-- TASK TO CARRY OUT --
Pictures must not appear in your answer. Write out exactly the lines from the one with "Bijela muška košulja" through the last line of the entries below.
*** DATA TO EXAMINE Section Begins ***
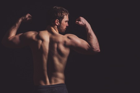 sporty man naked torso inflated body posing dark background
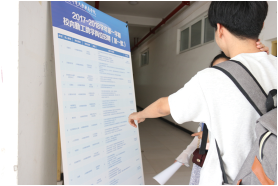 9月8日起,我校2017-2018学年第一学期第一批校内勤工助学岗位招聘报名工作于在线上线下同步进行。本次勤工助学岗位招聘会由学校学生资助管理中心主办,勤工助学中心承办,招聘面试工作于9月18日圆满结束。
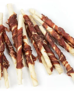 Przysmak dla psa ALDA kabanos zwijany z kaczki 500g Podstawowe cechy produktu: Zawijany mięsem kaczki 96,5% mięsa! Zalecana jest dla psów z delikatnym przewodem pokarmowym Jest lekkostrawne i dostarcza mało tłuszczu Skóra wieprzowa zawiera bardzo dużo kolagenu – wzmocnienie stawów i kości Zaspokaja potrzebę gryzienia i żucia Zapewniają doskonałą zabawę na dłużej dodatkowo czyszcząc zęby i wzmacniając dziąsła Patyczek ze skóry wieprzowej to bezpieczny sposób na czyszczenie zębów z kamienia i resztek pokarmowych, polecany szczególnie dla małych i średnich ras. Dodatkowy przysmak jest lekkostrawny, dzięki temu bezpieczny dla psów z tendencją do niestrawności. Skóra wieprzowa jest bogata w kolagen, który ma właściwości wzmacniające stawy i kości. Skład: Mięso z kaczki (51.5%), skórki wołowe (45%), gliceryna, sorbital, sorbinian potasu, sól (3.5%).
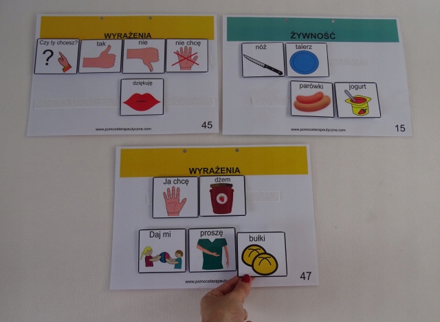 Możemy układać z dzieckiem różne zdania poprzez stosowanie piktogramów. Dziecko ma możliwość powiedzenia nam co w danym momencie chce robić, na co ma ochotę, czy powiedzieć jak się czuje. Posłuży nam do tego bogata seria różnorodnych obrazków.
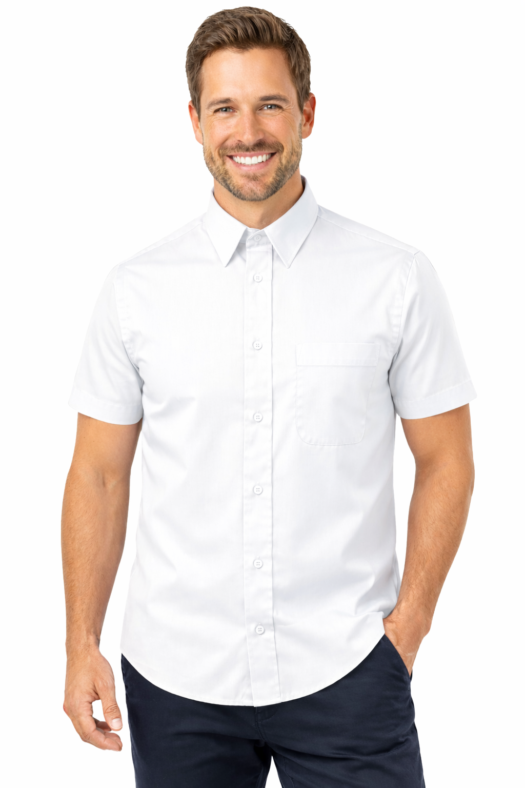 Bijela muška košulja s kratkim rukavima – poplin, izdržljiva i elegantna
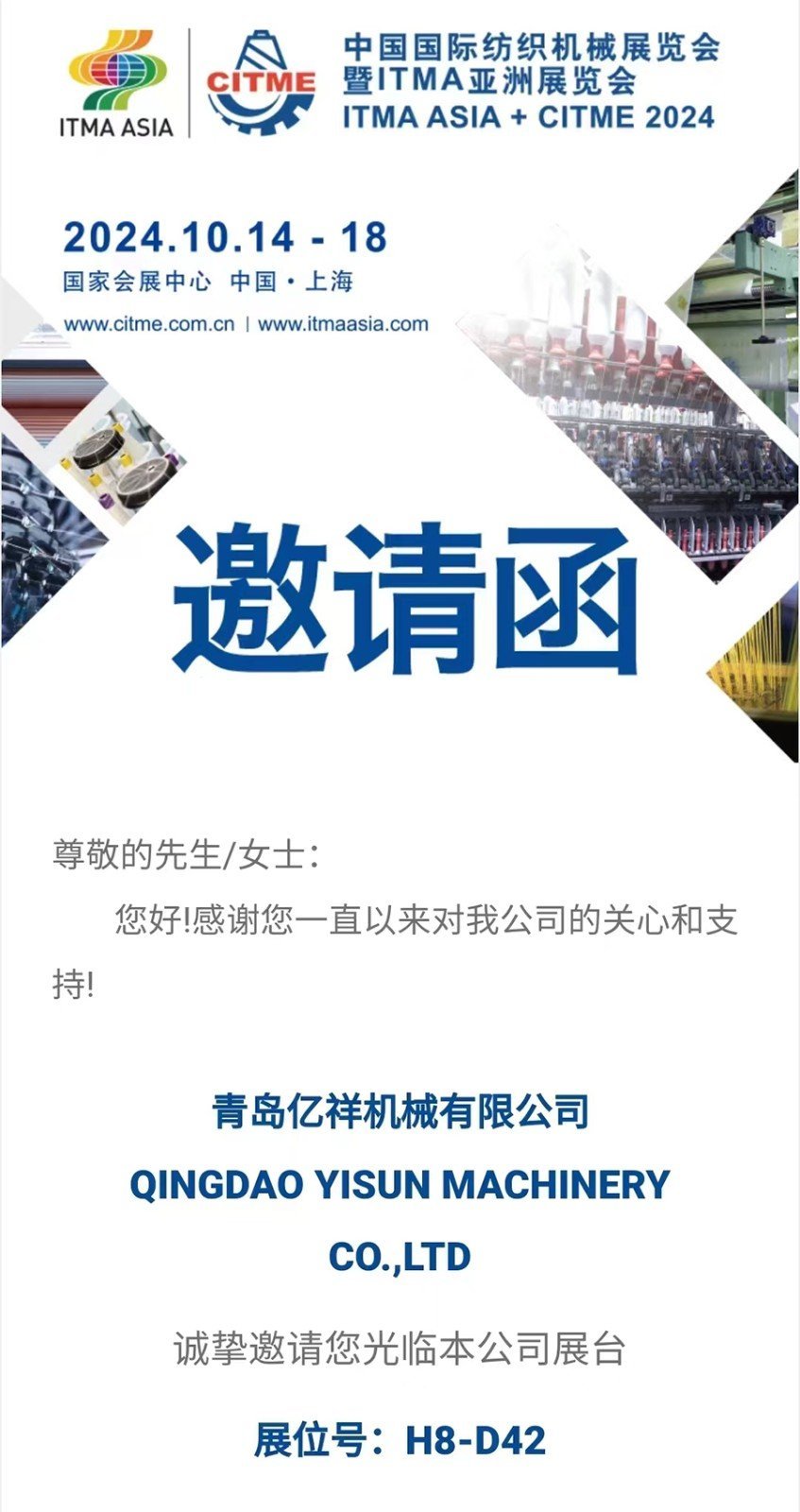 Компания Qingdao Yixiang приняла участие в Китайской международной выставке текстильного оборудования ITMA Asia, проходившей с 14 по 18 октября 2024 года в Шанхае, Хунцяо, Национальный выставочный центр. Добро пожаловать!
*** DATA TO EXAMINE Section Ends ***
-- RESULT OF THE EXERCISE --
 Bijela muška košulja s kratkim rukavima – poplin, izdržljiva i elegantna
 Компания Qingdao Yixiang приняла участие в Китайской международной выставке текстильного оборудования ITMA Asia, проходившей с 14 по 18 октября 2024 года в Шанхае, Хунцяо, Национальный выставочный центр. Добро пожаловать!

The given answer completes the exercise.